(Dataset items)
++++++++++
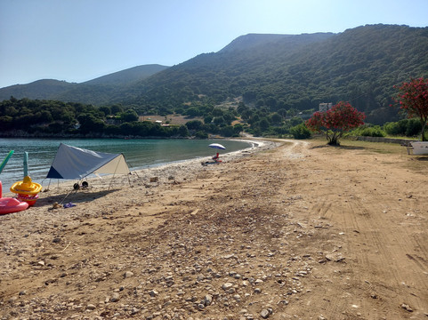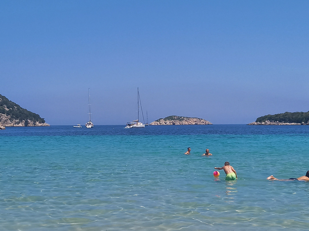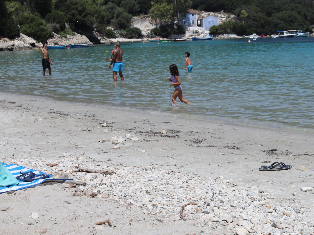 点评:Prima spiaggia vista in assoluto a Cefalonia, e visto che è considerata tra le più belle volevamo testarla di persona. Si arriva comodamemte forse un po' troppo e spiegherò il perchè, sulla spiaggia, parcheggio libero a ridosso della stessa e il continuo via vai delle auto non è sempre piacevole. Siamo arrivati presto e per primi, panorama bello e rilassante, mare trasparente ma la spiaggia libera già occupata da giochi e ombrelloni lasciati li, piena di sassi e schifezze, bucce,...insomma un biglietto da visita che mi ha alquanto delusa. Presente una cabina per cambiarsi e una taverna poco sopra per pranzare. Diciamo che il mare e il panorama meritano ma le condizioni trascurate della spiaggia non depongono a suo favore, forse le mie aspettative erano troppo alte .
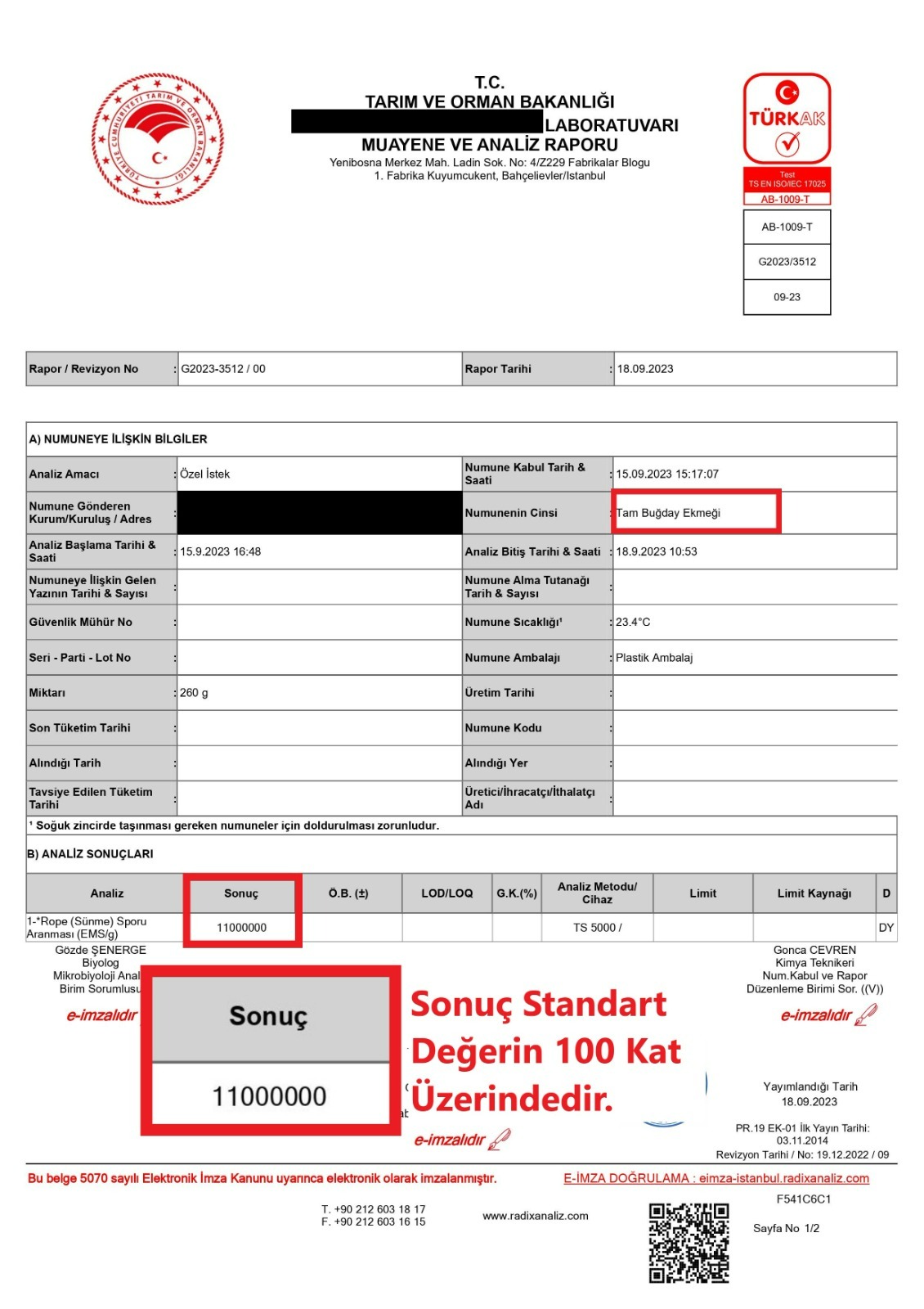 Mikrobiyoloji Ana Bilim Dalı Birim Sorumlusu Biyolog Gözde Şenerge ve Numune Kabul ve Rapor Düzenleme Birimi Sorumlusu Kimya Teknikeri Gonca Cevren e-imzalı G2023-3512/00 no'lu raporda analizi yapılan tam buğday ekmeğinde 11 milyon Rope Sünme Sporu (EMS/g) belirlendi.
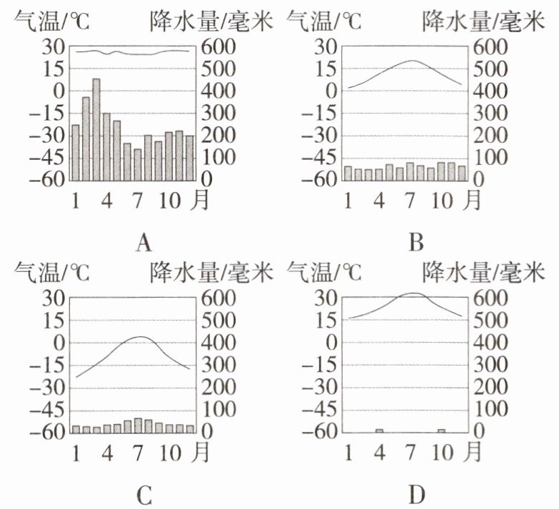 15.下列各气温曲线和降水量柱状图表示的气候类型,与丙朋友的描述相符的是 ( )
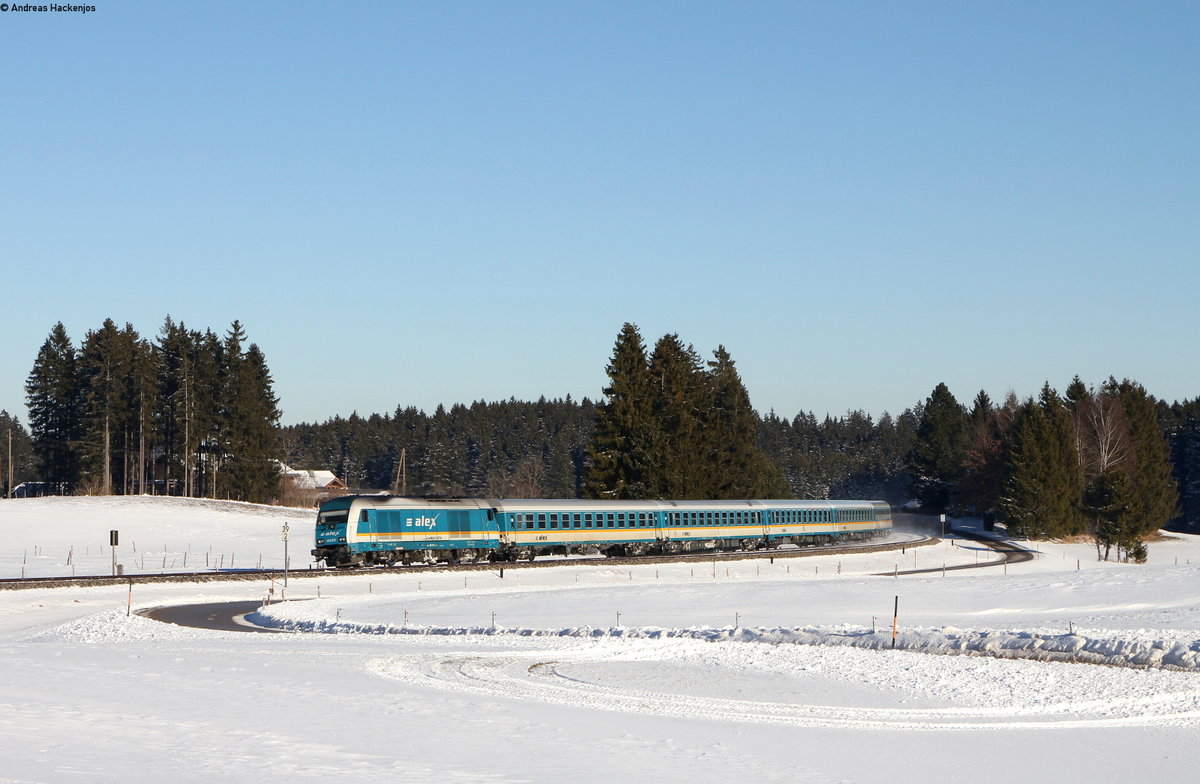 Die 101 055-2 der DB  Schauinsland Reisen  zieht den IC 2082  Königsee  am 28.01.17 bei Weisham in der Nähe von Prien am Chiemsee.
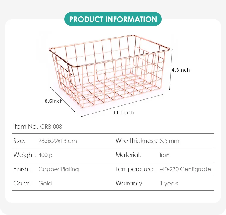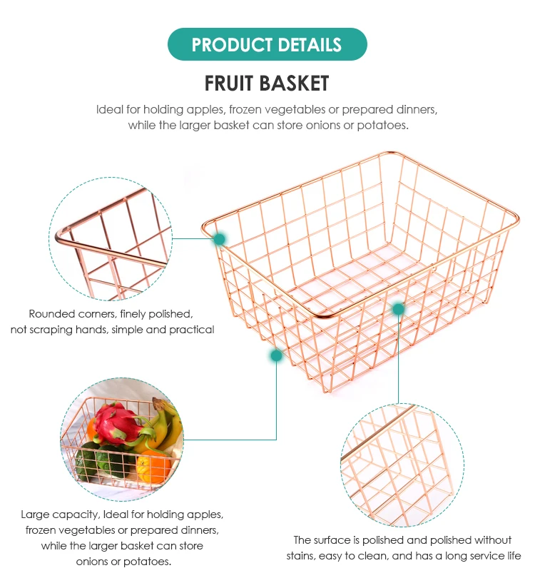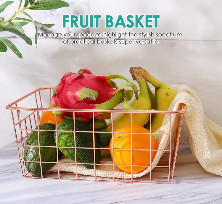 Decoration Most Popular Metal Wire Storage Baskets Rose Gold Iron Wire Fruit Basket
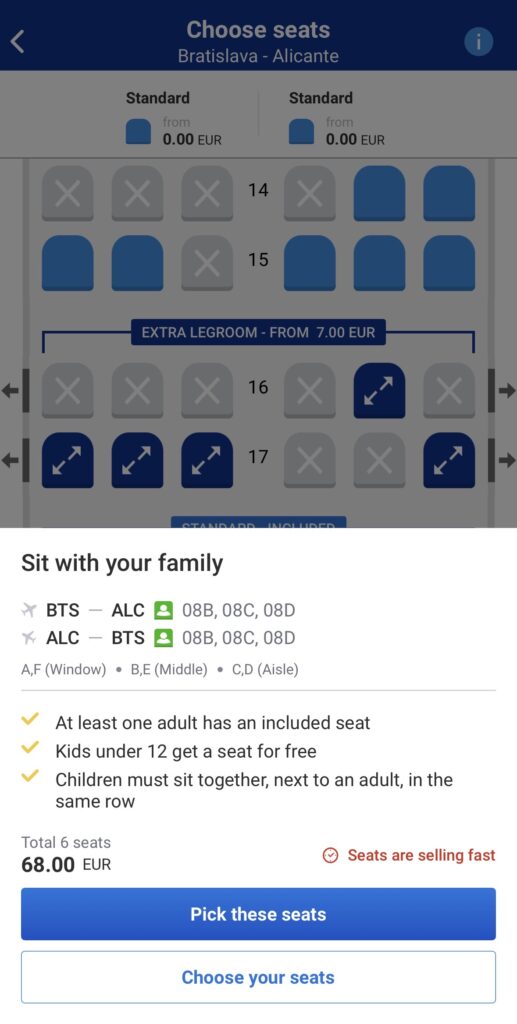 Zní to jako bizár, ale tohle mi poradili přímo na podpoře Ryanairu. Budou po vás chtít zaplatit těch 400 Kč (8 eur za jeden směr), ale budete si moct vybrat sedadla pro 1 dospělého a až 4 děti. I mimo zónu INCLUDED.
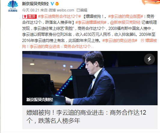 原标题:嫖娼被拘!李云迪的商业进击:商务合作达12个,跌落名人榜多年
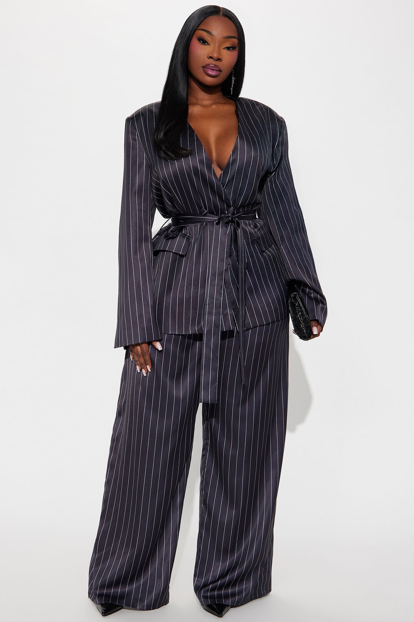 To Be Precise Pinstripe Satin Belted Blazer Pant Set - Black
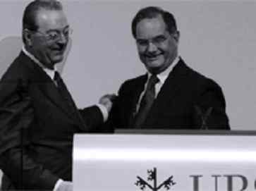 ![]() UBS CEO Oswald J. Grübel verabschiedet sich vom scheidenden Verwaltungsratspräsident Peter Kurer. /
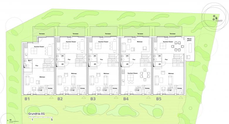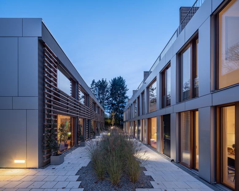 Die acht Wohneinheiten sind in zwei Reihen angeordnet: eine vordere Reihe mit drei und eine dahinter liegende Reihe mit fünf Wohneinheiten. Die Grundrissstruktur der Häuser fördert eine generationenübergreifende Nutzung, zahlreiche räumliche Varianten lassen sich je nach Lebenssituation anpassen.
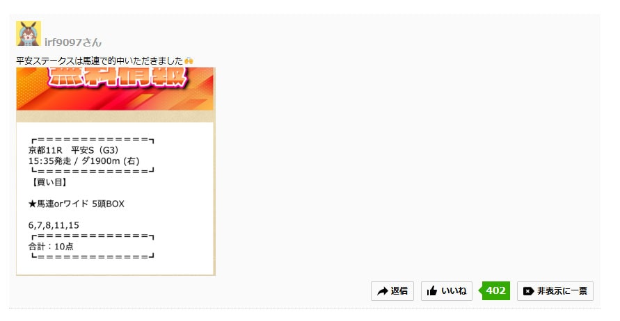 土曜日の平安ステークスの無料予想が的中していたようです。
++++++++++
Assignment >> Would you set down only the lines above from the line with "Die 101 055-2" to the line with "To Be Precise", both included, exactly as they stand and without the pictures?

Task answer >>
 Die 101 055-2 der DB  Schauinsland Reisen  zieht den IC 2082  Königsee  am 28.01.17 bei Weisham in der Nähe von Prien am Chiemsee.
 Decoration Most Popular Metal Wire Storage Baskets Rose Gold Iron Wire Fruit Basket
 Zní to jako bizár, ale tohle mi poradili přímo na podpoře Ryanairu. Budou po vás chtít zaplatit těch 400 Kč (8 eur za jeden směr), ale budete si moct vybrat sedadla pro 1 dospělého a až 4 děti. I mimo zónu INCLUDED.
 原标题:嫖娼被拘!李云迪的商业进击:商务合作达12个,跌落名人榜多年
 To Be Precise Pinstripe Satin Belted Blazer Pant Set - Black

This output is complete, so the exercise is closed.